Сандро Веронези - Спокойный хаос
На этом месте Пике прервал свой рассказ, и только потому, что снова закапал дождь. Он все говорил и говорил, минут десять, наверное, даже не останавливался, чтобы перевести дух. Его перепуганные глазки прыгали туда-сюда на забитом, подавленном лице. Неожиданно хлынул ливень, и мы побежали к машине, как раз в этот момент Клаудия выглянула из окна и помахала мне рукой. Я помахал ей в ответ и сел в машину вместе с Пике, а Клаудия тут же исчезла, она, наверное, подумала, что я занят, работаю, что казуар пришел ко мне по делам — я здесь только десять дней, а ей уже кажется нормальным, что я работаю в машине. Но в тот момент ситуация не была нормальной: Пике был обескуражен, а я не знал, что ему сказать. Мы сидели в машине, я молчал, потом включил стерео, с тех пор как я нахожусь здесь, я все время слушаю один и тот же диск, «Radiohead»[23], я даже не знал, что он у меня есть, это, должно быть, Ларин диск, она, наверное, нечаянно оставила его в стерео моей машины. Надо же, и я зажигаю сигарету в машине, это я-то! Дождь стучит по лобовому стеклу, и оба мы нахохлились, как мокрые курицы. У Пике на макушке вздыбился хохолок, теперь он не то, что похож на казуара, он превратился в казуара. Кто его знает, о чем он сейчас думает. Может быть, ему стыдно, может быть, он догадался, насколько абсурдно то, что он сделал. Зачем рассказал об этом случае именно мне? Надо же, и он тоже примолк, между нами повисло тяжелое молчание. Я понял, что ему нужно задать какой-нибудь вопрос, чтобы у него создалось впечатление, что он должен удовлетворить мое любопытство, и тогда он снова заговорит.
— Ну, а потом, что же случилось? — нехотя спросил я, у меня не было никакого желания знать продолжение этой истории. Что бы ни случилось, это было что-то очень скверное.

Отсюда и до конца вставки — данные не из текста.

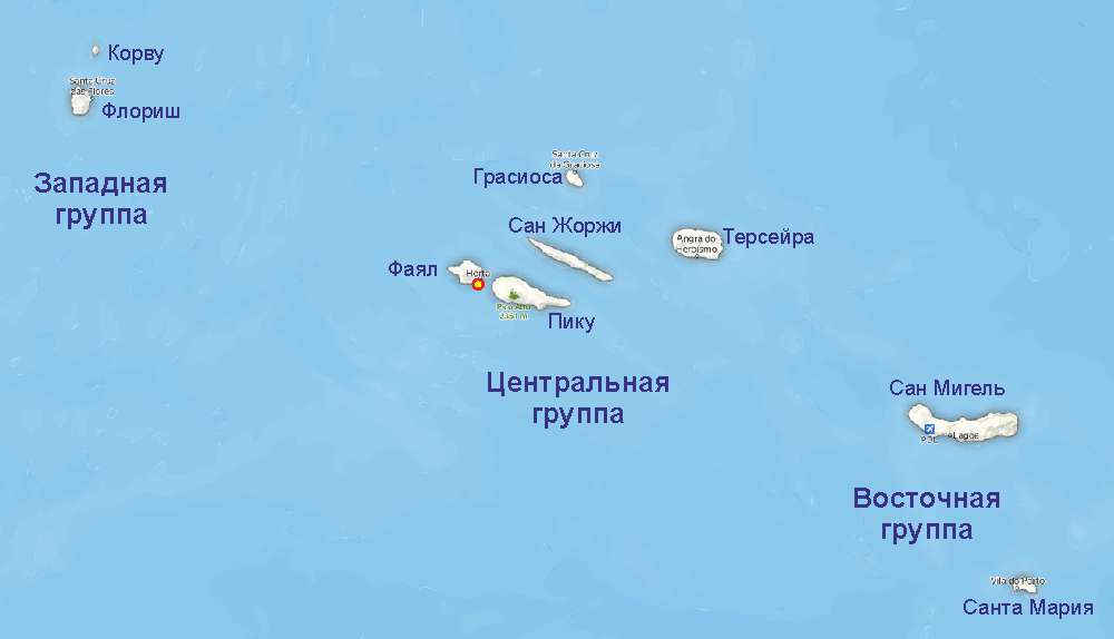 Центральная группа состоит из 5 островов расположенных довольно компактно: Фаял, Грасиоса, Терсейра, Сао Жоржи, Пику. На всех островах есть марины. На Фаяле и на Терсейре марины большие без проблем способные принять лодки более 20 метров, на Пику и Сао Жоржи марины поменьше. Следует учитывать, что на Грасиосе марина маленькая, в основном рассчитанная на местных рыбаков.

— Что случилось? — переспросил он, рассмеявшись. — Просто кромешный ад какой-то, вот что случилось. В течение прошлого лета она еще пару раз повторила свои фокусы. Франческа говорила какую-нибудь ужасную, или абсурдную вещь, а когда я ее просил повторить то, что она сказала, она произносила абсолютно нормальную фразу абсолютно таким же голосом, и я сдавался. Однажды за ужином я попросил ее передать соль, очень вежливо, заметь, попросил, а не обвинил ее в том, что ее долбаный салат был совершенно пресный, я просто попросил передать мне соль и даже сказал: пожалуйста, а она, передавая соль и улыбаясь, мне и говорит: «Засунь ее себе в задницу» — богом клянусь. А я: «Что ты сказала, Франческа?», а она: «Правда, салат недосолен». А потом в августе, на яхте, когда мы причаливали в Порто-Веккио, с нами была еще пара друзей, мы вместе совершали круиз, Франческа проходит возле меня с кранцами в руках и говорит: «Это в последний раз, поганый ублюдок!» Наши друзья обернулись на нас и уставились на нее с изумлением, а я: «А?», а она так это с невинной улыбочкой, как ни в чем не бывало и говорит громко, чтобы я расслышал: «Я сказала, что кранцами займусь я!» Вот что случилось!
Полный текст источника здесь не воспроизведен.